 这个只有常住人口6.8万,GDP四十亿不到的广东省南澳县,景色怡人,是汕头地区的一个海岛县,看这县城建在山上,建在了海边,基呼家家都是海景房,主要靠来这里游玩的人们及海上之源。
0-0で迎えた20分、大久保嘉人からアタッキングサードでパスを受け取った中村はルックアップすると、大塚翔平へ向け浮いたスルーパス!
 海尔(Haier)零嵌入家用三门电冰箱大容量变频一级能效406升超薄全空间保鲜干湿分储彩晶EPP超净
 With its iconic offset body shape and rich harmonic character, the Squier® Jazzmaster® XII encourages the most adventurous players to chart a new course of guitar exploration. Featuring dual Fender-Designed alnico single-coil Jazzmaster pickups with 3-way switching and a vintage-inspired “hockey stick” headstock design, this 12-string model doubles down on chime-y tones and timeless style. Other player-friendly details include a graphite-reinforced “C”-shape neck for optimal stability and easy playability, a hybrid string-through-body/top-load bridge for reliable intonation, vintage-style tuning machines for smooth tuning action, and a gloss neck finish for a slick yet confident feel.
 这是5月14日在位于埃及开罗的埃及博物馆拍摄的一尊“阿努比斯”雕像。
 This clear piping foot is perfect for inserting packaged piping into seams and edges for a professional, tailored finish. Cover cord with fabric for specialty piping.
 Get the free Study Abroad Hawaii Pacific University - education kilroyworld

* * *

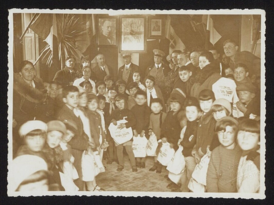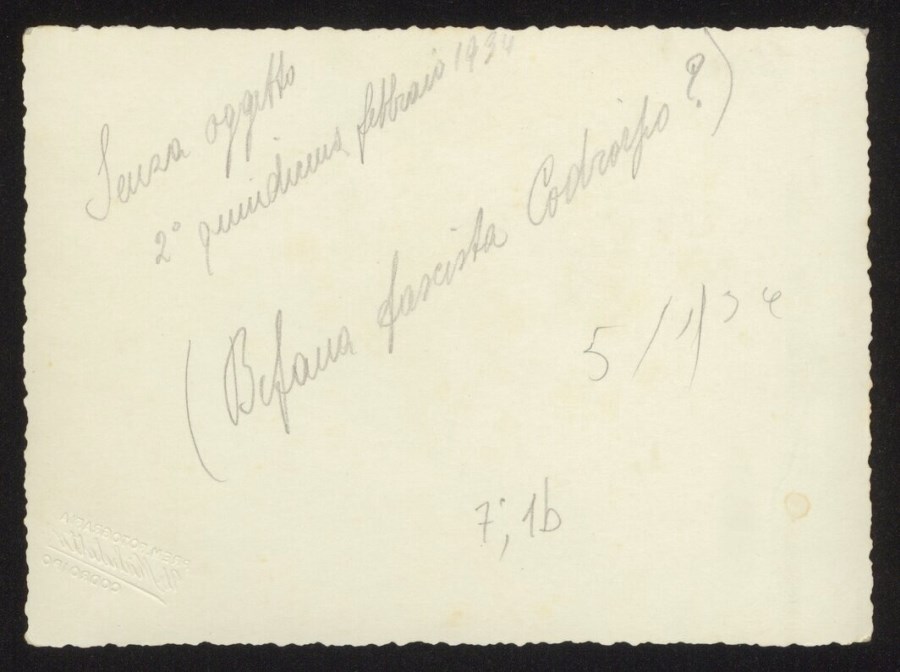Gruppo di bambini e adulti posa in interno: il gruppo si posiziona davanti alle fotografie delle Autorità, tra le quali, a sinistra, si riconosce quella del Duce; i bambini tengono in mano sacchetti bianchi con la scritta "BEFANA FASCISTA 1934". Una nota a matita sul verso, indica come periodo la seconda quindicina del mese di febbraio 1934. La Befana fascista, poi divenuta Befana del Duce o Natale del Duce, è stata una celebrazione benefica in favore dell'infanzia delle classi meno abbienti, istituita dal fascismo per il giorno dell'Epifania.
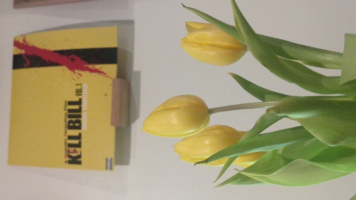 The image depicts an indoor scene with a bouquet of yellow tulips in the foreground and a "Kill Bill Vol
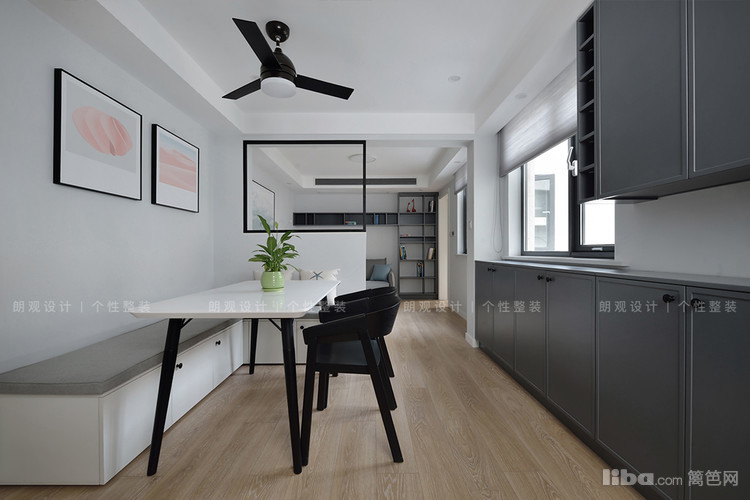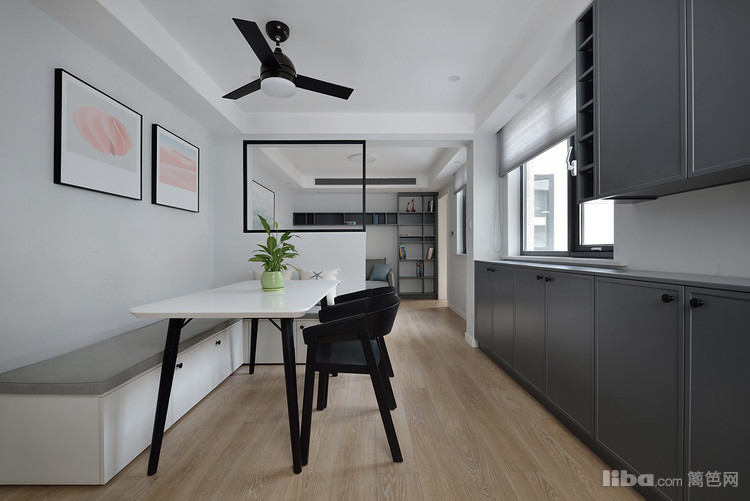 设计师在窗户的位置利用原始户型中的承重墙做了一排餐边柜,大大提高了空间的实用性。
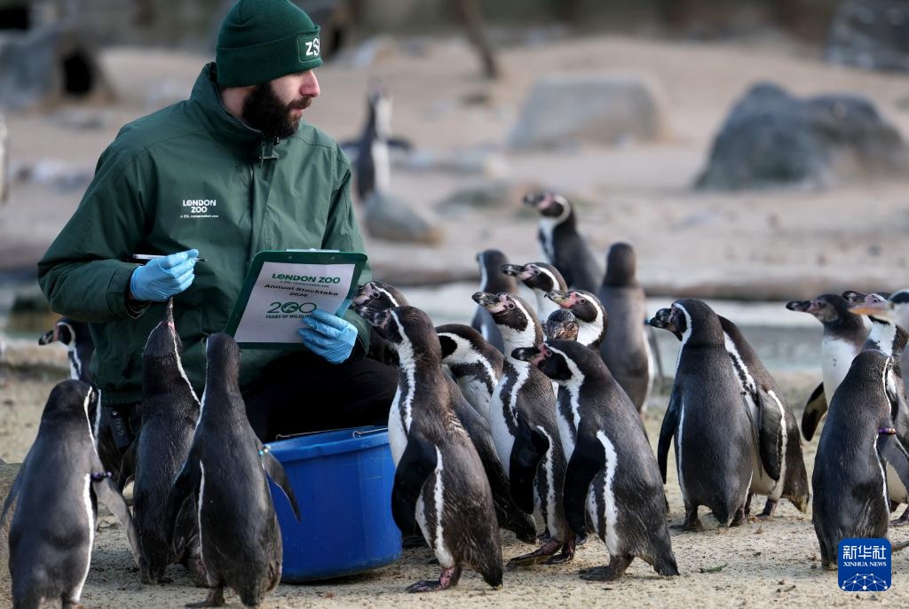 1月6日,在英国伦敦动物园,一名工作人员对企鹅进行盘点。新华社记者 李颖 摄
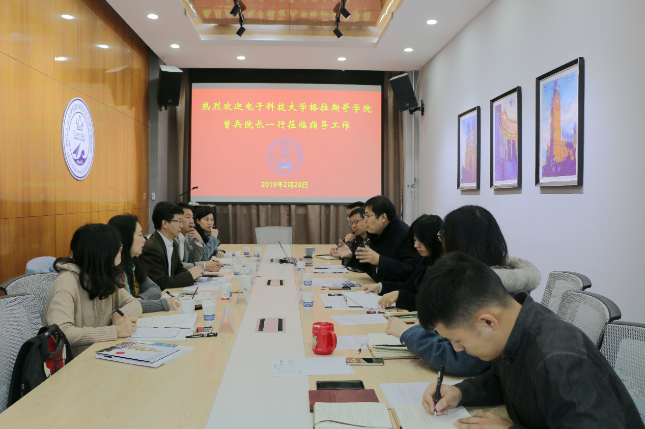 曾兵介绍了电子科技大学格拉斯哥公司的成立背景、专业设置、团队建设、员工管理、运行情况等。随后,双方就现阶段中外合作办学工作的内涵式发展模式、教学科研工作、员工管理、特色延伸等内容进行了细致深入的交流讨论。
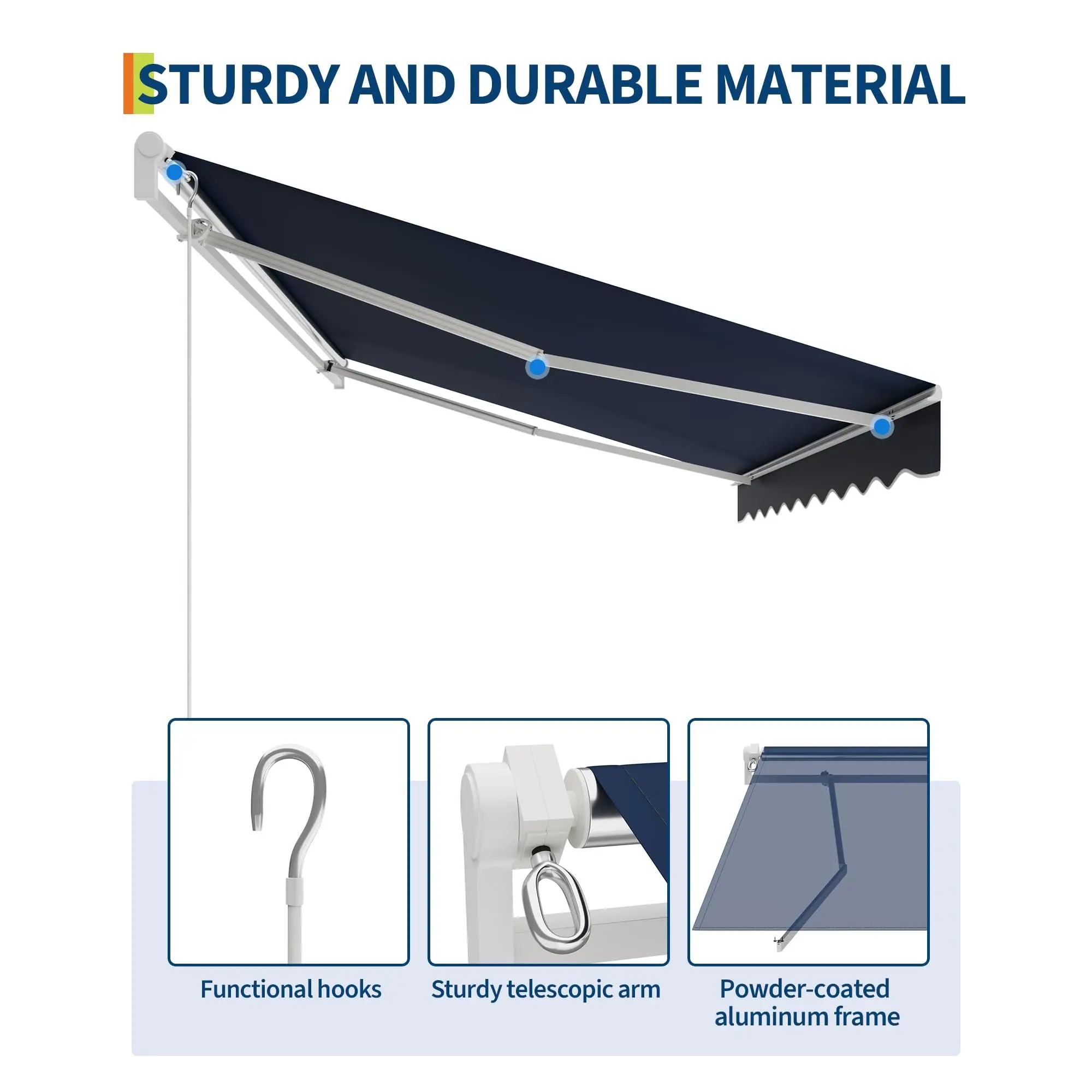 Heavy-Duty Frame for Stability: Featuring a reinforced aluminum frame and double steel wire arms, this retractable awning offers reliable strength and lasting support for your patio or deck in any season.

What is being asked =
Copy out the lines above exactly, beginning at the one that contains "这个只有常住人口6.8万,G" and ending at the one that contains "Get the free".

Your solution =
 这个只有常住人口6.8万,GDP四十亿不到的广东省南澳县,景色怡人,是汕头地区的一个海岛县,看这县城建在山上,建在了海边,基呼家家都是海景房,主要靠来这里游玩的人们及海上之源。
0-0で迎えた20分、大久保嘉人からアタッキングサードでパスを受け取った中村はルックアップすると、大塚翔平へ向け浮いたスルーパス!
 海尔(Haier)零嵌入家用三门电冰箱大容量变频一级能效406升超薄全空间保鲜干湿分储彩晶EPP超净
 With its iconic offset body shape and rich harmonic character, the Squier® Jazzmaster® XII encourages the most adventurous players to chart a new course of guitar exploration. Featuring dual Fender-Designed alnico single-coil Jazzmaster pickups with 3-way switching and a vintage-inspired “hockey stick” headstock design, this 12-string model doubles down on chime-y tones and timeless style. Other player-friendly details include a graphite-reinforced “C”-shape neck for optimal stability and easy playability, a hybrid string-through-body/top-load bridge for reliable intonation, vintage-style tuning machines for smooth tuning action, and a gloss neck finish for a slick yet confident feel.
 这是5月14日在位于埃及开罗的埃及博物馆拍摄的一尊“阿努比斯”雕像。
 This clear piping foot is perfect for inserting packaged piping into seams and edges for a professional, tailored finish. Cover cord with fabric for specialty piping.
 Get the free Study Abroad Hawaii Pacific University - education kilroyworld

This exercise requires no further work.